I’ve read both (Steeling Nasreen and Six Metres of Pavement) and I think you’d like both but especially Pavement. One aspect of Azeez’s story in All Inclusive didn’t resonate for me as much as I think it might for some other readers (obviously it didn’t throw you at all!), but I did like the way that the narratives gradually intersect, and I think it’s important that the precipitating event appears in literature more often, given how many lives it’s touched. The resolution was very satisfying I thought (whereas I thought it might veer too far in one direction or another, be too sentimental or too limbo-y, given the situations which arise). You?
It’s not that I didn’t have any problem with it at all, but that I still liked his part better than hers. It’s been a while now since I read it – I wish I could give you a good explanation as to why this was the case. I think I just thought his part was unique, and I didn’t quite know where it was going to go.
One thing that bothered me about his part and how he attempted to interact with her was the issue of privacy (do you know what I mean?). Then, even when she addressed it quickly in the book, I still wasn’t satisfied. The whole idea kind of creeps me out. 🙂
(Trying to explain without spoiling – don’t know how successful I was. Haha.)
That makes sense: it creates all kinds of opportunities (and I didn’t guess where it was going, although I should have, when I saw the dates). And, as you say, it’s that very open-endedness of it which creates the opportunity for privacy to be violated. The short explanation was useful, in that at least we knew it had been considered, but we are left to trust that boundaries are respected. Mind you, I wonder if it’s partly our cultural background which results in this being more of a creepy thing and less of a comforting thing; maybe if we were raised in a culture which left a more prominent place for, say, benevolent protectors and guardians or ancestral spirits, we might not find it such a disturbing detail? I didn’t think of it this way when reading, it just occurred to me now (and my comment is just as vague so we are a good pair!).
Good point about the possibility of it being a cultural thing. In general, I think, I do find it comforting and nice to think about, but when the situation gets… intimate, I find myself thinking “what I don’t know won’t hurt me”. 🙂
[…] I couldn’t resist. Earlier in the year, The FOLD Festival of Literary Diversity posted a 2016 challenge to read more diverse books. I’m a huge fan of The FOLD and the work they’ve done to promote literary diversity in […]
I don’t do many challenges. But all the best to you. 🙂
That’s understandable. I used to do many more, specifically more thematic ones, but now I am careful to leave room for some undirected (even if not quite whimsical) reading!

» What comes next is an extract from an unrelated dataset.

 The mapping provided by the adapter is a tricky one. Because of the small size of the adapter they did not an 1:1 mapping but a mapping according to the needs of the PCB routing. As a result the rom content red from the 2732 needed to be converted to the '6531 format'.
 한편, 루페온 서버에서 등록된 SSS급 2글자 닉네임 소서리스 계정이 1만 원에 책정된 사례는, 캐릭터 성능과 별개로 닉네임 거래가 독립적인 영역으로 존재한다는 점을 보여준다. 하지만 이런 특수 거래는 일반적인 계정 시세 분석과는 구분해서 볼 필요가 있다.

Goodness – both of these books sound unsettling but fascinating.
and I meant to add that the Festival sounds incredible. YAY to those organizing such!

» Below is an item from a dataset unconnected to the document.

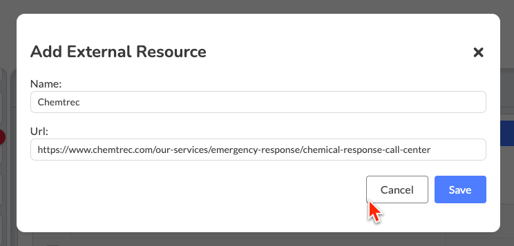 Q: The external resource link isn't working when clicked from the incident report. What should I do? A: Verify that the full URL was copied correctly, including "https://" or "http://". Edit the resource and re-paste the URL from your browser. Also check that the website hasn't changed its address.
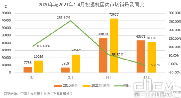 4月挖掘机销量数据出炉。据中国工程机械工业协会行业统计数据,2021年4月,共计销售各类挖掘机械产品46572台,同比涨幅2.5%,虽然不及此前行业咨询机构和媒体“同比增速在10.1%左右”的预期,但整体来看,行业增速与市场发展趋势吻合。

It’s pretty awesome, eh? I feel lucky to be living in such bookish environs!
They’re both gripping stories for sure! And unsettling isn’t always bad, right?
I dont do these challenges myself but am always interested how creative people are when they make their reading selections
I love stumbling upon ideas which seem quite different from my own, especially when categories intersect and a book I’ve thought fits perfectly in one spot could be listed for another line entirely.